8.           Commitments and contingencies

 

Legal proceedings

 

On August 7, 2006, a lawsuit entitled Cynthia Richter, et al. v. Dolgencorp, Inc., et al. was filed in the United States District Court for the Northern District of Alabama (Case No. 7:06-cv-01537-LSC) (“Richter”) in which the plaintiff alleges that she and other current and former Dollar General store managers were improperly classified as exempt executive employees under the Fair Labor Standards Act (“FLSA”) and seeks to recover overtime pay, liquidated damages, and attorneys’ fees and costs. On August 15, 2006, the Richter plaintiff filed a motion in which she asked the court to certify a nationwide class of current and former store managers. The Company opposed the plaintiff’s motion. On March 23, 2007, the court conditionally certified a nationwide class. On December 2, 2009, notice was mailed to over 28,000 current or former Dollar General store managers, and approximately 3,860 individuals opted into the lawsuit. In September 2010, the court entered a scheduling order that governs, among other things, deadlines for fact discovery (September 30, 2011) and the Company’s anticipated decertification motion (August 15, 2011).

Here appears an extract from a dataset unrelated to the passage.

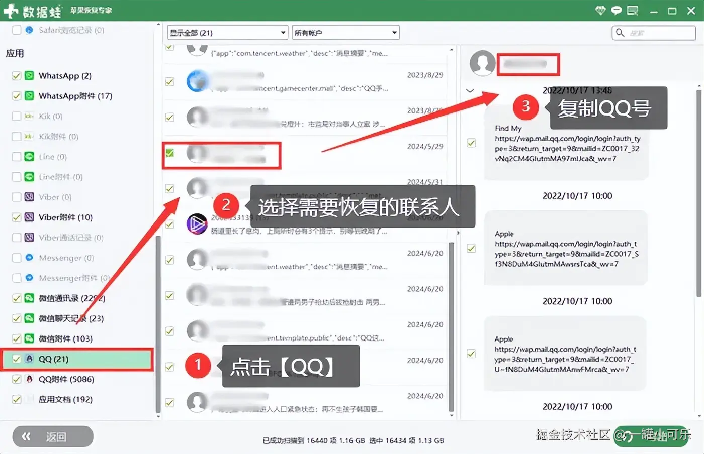 步骤3:扫描完成后,软件会展示一个包含已删除数据的列表。在列表中找到 【qq好友】 的选项,点击进入。你将看到一个预览窗口,里面列出了可恢复的qq好友。仔细浏览列表,找到你想要恢复的好友。选中该好友后,复制其qq号到手机上搜索添加即可。

The court’s scheduling order establishes a trial date of February 12, 2012.

 

The Company believes that its store managers are and have been properly classified as exempt employees under the FLSA and that the Richter action is not appropriate for collective action treatment. The Company has obtained summary judgment in some, although not all, of its pending individual or single-plaintiff store manager exemption cases in which it has filed such a motion.

 

The Company intends to vigorously defend the Richter matter. However, at this time, it is not possible to predict whether Richter ultimately will be permitted to proceed collectively, and no assurances can be given that the Company will be successful in its defense of the action on the merits or otherwise. Similarly, at this time the Company cannot estimate either the size of any potential class or the value of the claims asserted in Richter. For these reasons, the Company is unable to estimate any potential loss or range of loss in the matter; however, if the Company is not successful in its defense efforts, the resolution of Richter could have a material adverse effect on the Company’s financial statements as a whole.

 

On May 18, 2006, the Company was served with a lawsuit entitled Tammy Brickey, Becky Norman, Rose Rochow, Sandra Cogswell and Melinda Sappington v. Dolgencorp, Inc. and Dollar General Corporation (Western District of New York, Case No. 6:06-cv-06084-DGL, originally filed on February 9, 2006 and amended on May 12, 2006 (“Brickey”)). The Brickey plaintiffs seek to proceed collectively under the FLSA and as a class under New York, Ohio, Maryland and North Carolina wage and hour statutes on behalf of, among others, assistant store managers who claim to be owed wages (including overtime wages) under those statutes. On February 22, 2011, the court denied the plaintiffs’ class certification motion in its entirety and ordered that the matter proceed only as to the named plaintiffs.  On March 22, 2011, the plaintiffs moved the court for reconsideration of its Order denying their class certification motion.  On March 30, 2011, the plaintiffs’ reconsideration motion was denied.  To date, the plaintiffs have not appealed. If the case proceeds only as to the named plaintiffs, the Company does not expect the outcome to be material to its financial statements as a whole.

 

On March 7, 2006, a complaint was filed in the United States District Court for the Northern District of Alabama (Janet Calvert v. Dolgencorp, Inc., Case No. 2:06-cv-00465-VEH (“Calvert”)), in which the plaintiff, a former store manager, alleged that she was paid less than male store managers because of her sex, in violation of the Equal Pay Act and Title VII of the Civil Rights Act of 1964, as amended (“Title VII”) (now captioned, Wanda Womack, et al. v. Dolgencorp, Inc., Case No. 2:06-cv-00465-VEH). The complaint subsequently was amended to include additional plaintiffs, who also allege to have been paid less than males because of their sex, and to add allegations that the Company’s compensation practices disparately impact females. Under the amended complaint, plaintiffs seek to proceed collectively under the Equal Pay Act and as a class under Title VII, and request back wages, injunctive and declaratory relief, liquidated damages, punitive damages and attorneys’ fees and costs.

 

On July 9, 2007, the plaintiffs filed a motion in which they asked the court to approve the issuance of notice to a class of current and former female store managers under the Equal Pay Act. The Company opposed plaintiffs’ motion. On November 30, 2007, the court conditionally certified a nationwide class of females under the Equal Pay Act who worked for Dollar General as store managers between November 30, 2004 and November 30, 2007. The notice was issued on January 11, 2008, and persons to whom the notice was sent were required to opt into the suit by March 11, 2008. Approximately 2,100 individuals have opted into the lawsuit.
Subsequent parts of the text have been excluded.